- Record set:
┌────────
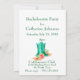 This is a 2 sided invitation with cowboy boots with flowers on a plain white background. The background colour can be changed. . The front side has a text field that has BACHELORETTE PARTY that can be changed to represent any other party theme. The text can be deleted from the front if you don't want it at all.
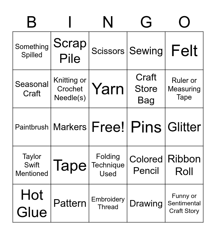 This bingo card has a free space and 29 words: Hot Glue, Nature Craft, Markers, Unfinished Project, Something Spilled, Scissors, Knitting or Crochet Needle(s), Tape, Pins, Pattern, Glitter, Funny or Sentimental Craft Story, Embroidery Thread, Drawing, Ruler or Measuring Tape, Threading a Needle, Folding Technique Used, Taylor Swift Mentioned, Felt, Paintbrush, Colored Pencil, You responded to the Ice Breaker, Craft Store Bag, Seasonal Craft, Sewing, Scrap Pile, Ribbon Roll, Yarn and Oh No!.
└────────
┌────────
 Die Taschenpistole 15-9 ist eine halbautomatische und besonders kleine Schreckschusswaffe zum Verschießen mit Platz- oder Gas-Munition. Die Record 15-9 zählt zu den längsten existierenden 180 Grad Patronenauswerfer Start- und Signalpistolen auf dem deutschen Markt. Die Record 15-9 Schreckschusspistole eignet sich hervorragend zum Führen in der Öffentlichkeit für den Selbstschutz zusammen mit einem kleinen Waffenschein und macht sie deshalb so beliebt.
└────────
┌────────
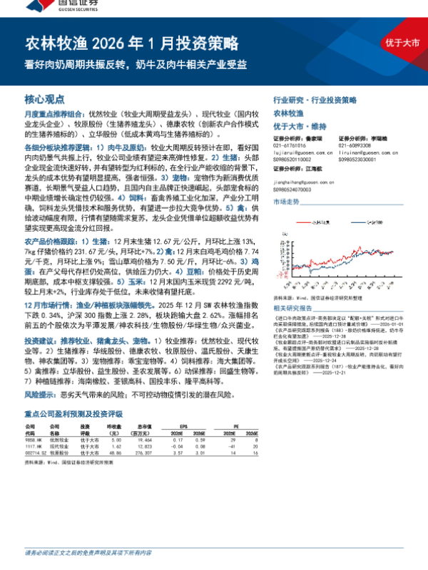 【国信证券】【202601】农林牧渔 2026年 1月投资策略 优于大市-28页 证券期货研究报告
└────────
Starting at the line above that contains "This is a 2", transcribe every line exactly through the line that contains "This bingo card", including that last one, and skip the pictures.

- Your response:
 This is a 2 sided invitation with cowboy boots with flowers on a plain white background. The background colour can be changed. . The front side has a text field that has BACHELORETTE PARTY that can be changed to represent any other party theme. The text can be deleted from the front if you don't want it at all.
 This bingo card has a free space and 29 words: Hot Glue, Nature Craft, Markers, Unfinished Project, Something Spilled, Scissors, Knitting or Crochet Needle(s), Tape, Pins, Pattern, Glitter, Funny or Sentimental Craft Story, Embroidery Thread, Drawing, Ruler or Measuring Tape, Threading a Needle, Folding Technique Used, Taylor Swift Mentioned, Felt, Paintbrush, Colored Pencil, You responded to the Ice Breaker, Craft Store Bag, Seasonal Craft, Sewing, Scrap Pile, Ribbon Roll, Yarn and Oh No!.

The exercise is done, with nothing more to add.